Defendants received their discharge on June 8, 2015. [Id. at ¶ 8.] At no time prior to June 8, 2015 did Plaintiff file any objection to Defendants’ receiving their discharge or an objection to the discharge of the debts owed to him. He did not seek an extension of the time to do either.

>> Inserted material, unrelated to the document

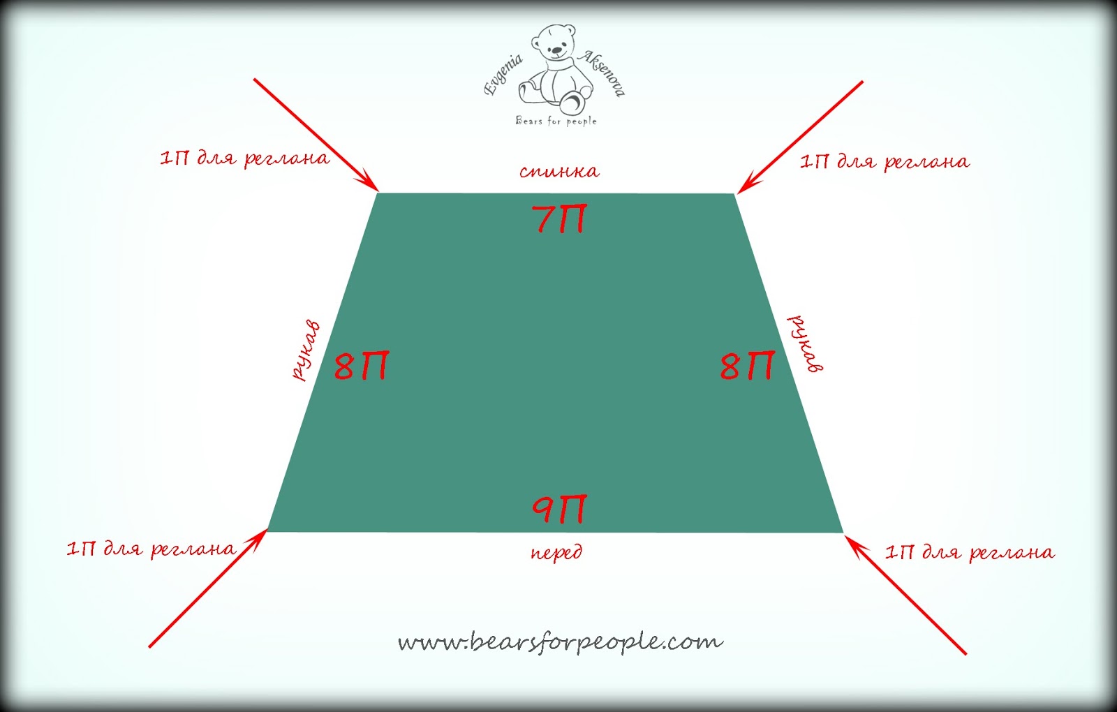 8П (рукав)+1П (реглан)+7П(спинка)+1П(реглан)+8П(рукав)+1П(реглан)+9П(перед)+1П(реглан) = 36П

On June 7, 2016, Plaintiff commenced this action to revoke the Debtors’ discharge as to all creditors pursuant to 11 U.S.C. § 727(d)(1). The action was timely filed pursuant to § 727(e)(1). Plaintiff alleges that Defendants committed fraud in obtaining their discharge by defrauding the Plaintiff and making false statements on their bankruptcy petition and schedules. [Amended Complaint ¶ 20-22.]

III. Analysis

A. Standard of Review

Summary judgment is appropriate if there is no genuine issue as to any material fact, and the moving party is entitled to judgment as a matter of law. Fed. R. Civ. P. 56(a). The burden is on the moving party to show conclusively that no genuine issue of material fact exists, and the court must view the facts and all inferences to be drawn therefrom in the light most favorable to the nonmoving party. Matsushita Elec. Indus. Co. v. Zenith Radio Corp., 475 U.S. 574, 587, 106 S.Ct. 1348, 89 L.Ed.2d 538 (1986); Morris v. Crete Carrier Corp., 105 F.3d 279, 280-81 (6th Cir. 1997); 60 Ivy Street Corp. v. Alexander, 822 F.2d 1432, 1435 (6th Cir. 1987); Kava v. Peters, 450 Fed.Appx. 470, 473 (6th Cir. 2011).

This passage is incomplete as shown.